Когда стемнело, явился Корэмицу. Так как Гэндзи объявил, что на нем — скверна, то все приходившие к нему, постояв минуту, сейчас же уходили, и около него поэтому никого почти не было.
Призвав его к себе, Гэндзи спросил:
«Ну, что? Значит, она скончалась уже наверное?» — и, закрыв лицо рукавом одежды, заплакал. Заплакал и Корэмицу.
«Да! Жизни ее пришел конец! Оставлять ее такое долгое время было неудобно, и я сговорился с одним знакомым мне почтенным старым бонзою на завтра: свершить, если день будет хорош, то, что нужно», — сказал он.
«А что с той женщиной, что была при ней?» — спросил Гэндзи.
«Похоже на то, что и она не выживет! Сегодня утром она «пыталась было броситься вниз с горы», в полном душевном расстройстве крича: «Я — за госпожою!» Она было объявила, что пойдет расскажет про все у них в доме, но я ее уговорил: потерпи немного! Сначала обдумаем все хорошенько…» — рассказывал Корэмицу, и Гэндзи нашел, что он поступил правильно.
«А я тоже страдаю ужасно. Сам думаю: уж не случится ли что-нибудь и со мною…»
«Ну, что вы там еще придумали!.. Ведь то, что произошло, — вещь неизбежная.
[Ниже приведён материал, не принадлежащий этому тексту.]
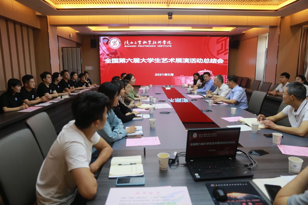 5月19日下午,我校在崇文南楼第一会议室召开全国第六届大学生艺术展演活动总结会。党委副书记贺天柱,学工部部长郝军、美育部部长付胜利、信息工程学院党总支书记闫军、土木工程学院党总支书记张科海、商贸与流通学院党总支副书记王艳、财经与旅游学院学工办主任杜娟、宣传部融媒体中心副主任焦蕾,美育部全体教师、参演学生代表参加了会议,会议由美育部部长付胜利主持。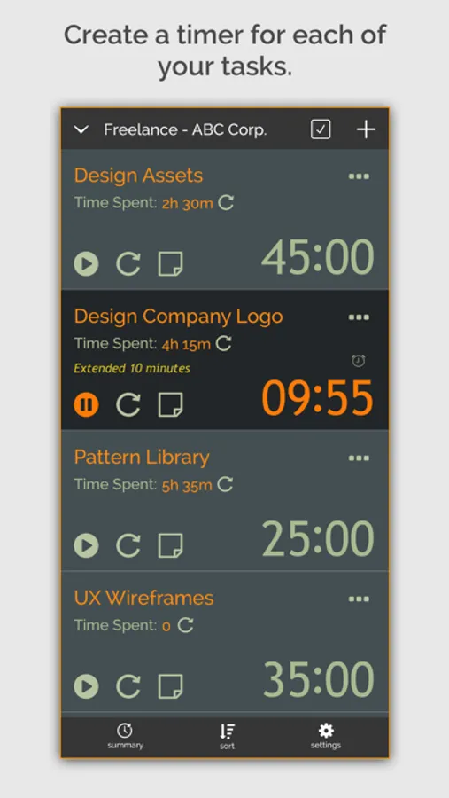• Sort timers by title, date created or elapsed time to see what you're spending most of your time on.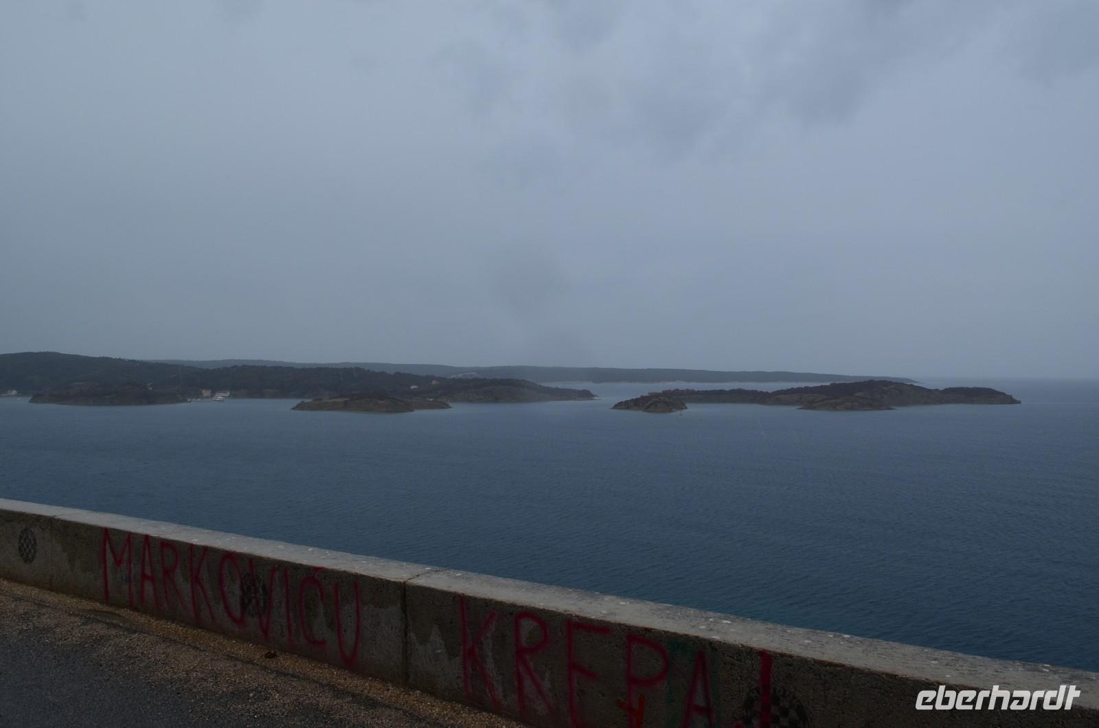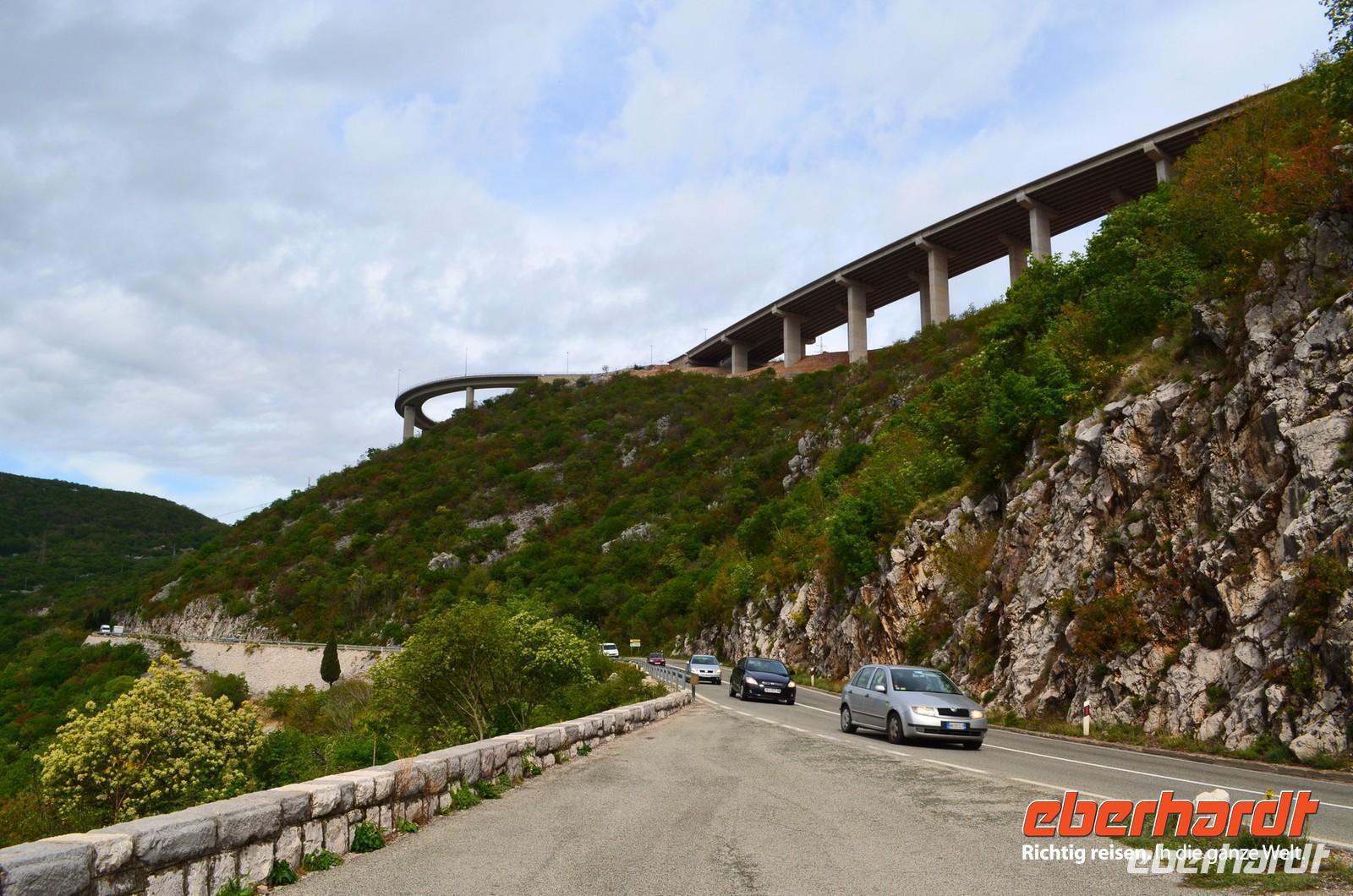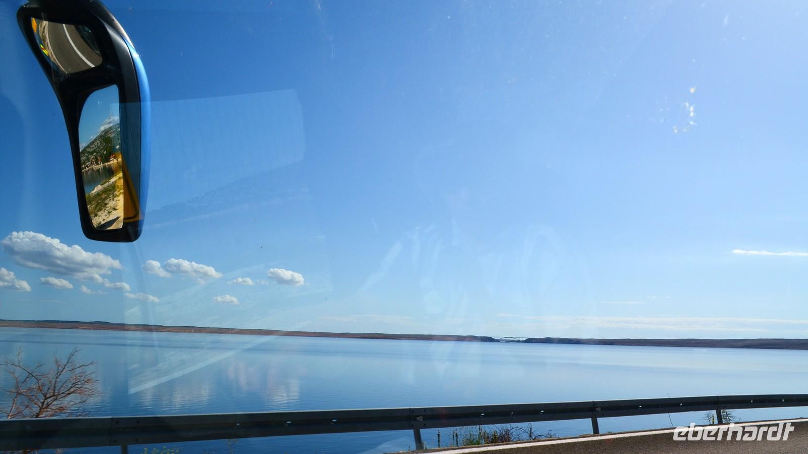 Am Montag starten wir wieder zur Fähre und hinauf geht es nach Rijeka und der Kvarner Bucht. Bei einem schönen Blick auf die Brücke zur Insel Krk halten wir kurz inne. Ebenso in der Kvarner Bucht. Mittag ist an einer Autobahnraststätte, dann erreichen wir die kroatisch-slowenische Grenze.

Со всеми так будет. Если же вы хотите, чтобы никто об этом не проведал, Корэмицу возьмет все на себя и сделает все, что следует», — говорил Корэмицу.
«Ты — прав! Я и сам так думаю; но мне тяжело, что из прихоти своего сердца я убил ее понапрасну и теперь понесу на себе ее ненависть и скорбь. Смотри, ты не рассказывай ничего даже сестре своей. Тем более же матери-монахине. Она всегда предостерегала меня, и мне теперь так стыдно перед нею…» Так замкнул уста Корэмицу Гэндзи.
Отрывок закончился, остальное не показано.